In fact, the majority of business information is often locked away in charts, images, tables, presentations, spreadsheets, video and audio files, and more. This information must be ‘scraped’ or converted into textual formats - without losing the surrounding context - in order to create specialized datasets needed to train and fine-tune your Gen AI / LLM apps.
This is hard, but not impossible.
You must use techniques such as Optical Character Recognition (OCR), human labelers and annotators, speech-to-text, imagine annotation, Natural Language Generation (NLG), and other tools that can handle non-textual data, and convert it all into usable, text-based formats that can be “fed” to your AI/LLM apps for training and fine-tuning purposes.
3 - Your data may need to be cleansed, sanitized and ‘neutralized’
As an AI application builder, you want users to trust, adopt, and use your AI apps. But that’s a hard goal to attain when your apps produce results that are inaccurate, biased, offensive, or include sensitive, personal information. In addition to opening yourself up to legal risk, this will result in wasted money and time.
The good news is that most popular open-source LLM models have already been trained to eliminate these negatives. But if you’re trying to accelerate time to value by using an open-source LLM - which many enterprises will likely do - you will still need to fine-tune the LLM with specialized datasets to serve your unique enterprise needs.
That’s where cleansing your data becomes important. It’s useful to think of it using this simple framework:
If you’re using your own company’s data, you need to make sure you remove any confidential or sensitive information before creating your training and fine-tuning datasets.
If you’re ‘borrowing’ or buying 3rd-party data, you may need to strip away any metadata that could bias your application one way or another. Established data providers will do this for you automatically.
If you’re relying on any kind of public datasets, they could contain personal information or other unwanted metadata - and you will need to sanitize it.
4 - Everyone should be able to calibrate LLM outputs
AI exists to serve humans.
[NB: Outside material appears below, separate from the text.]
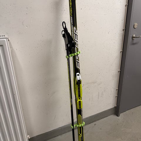 Fischer 150cm med pjäxor storlek 37 och stavar, bra skick

Humans, as we know, come from a variety of backgrounds, possess a range of skills, and so on. That’s why different human users have different needs and expectations when it comes to consuming and understanding the outputs generated by LLMs.
An LLM output that makes sense to a French mathematician may not make sense to a Vietnamese teacher (even if the language in which the LLM generates the output is the same).
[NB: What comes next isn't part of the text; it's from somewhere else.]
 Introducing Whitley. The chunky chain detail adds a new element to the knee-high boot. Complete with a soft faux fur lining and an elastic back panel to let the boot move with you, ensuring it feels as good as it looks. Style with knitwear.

That’s why there’s a growing realization that even non-data scientists must be able to evaluate and recalibrate LLM outputs so that they’re maximally useful to a range of users from different backgrounds.
AI builders should consider using platforms that provide clear insights into their LLM's performance and facilitate easy adjustments. This user-friendly approach can accelerate the adoption and optimization of LLMs across various business functions.
Conclusion
2024 is the year of enterprise AI adoption. But unlike traditional software applications that produce fixed, immutable outputs, AI/LLM apps produce outputs that are non-deterministic (different outputs every single time) and are subject to different interpretations by different users.
Make sure that you have a robust AI data strategy in place to train, evaluate, and fine-tune your AI/LLM apps regularly so that your users and customers can trust and rely on your applications.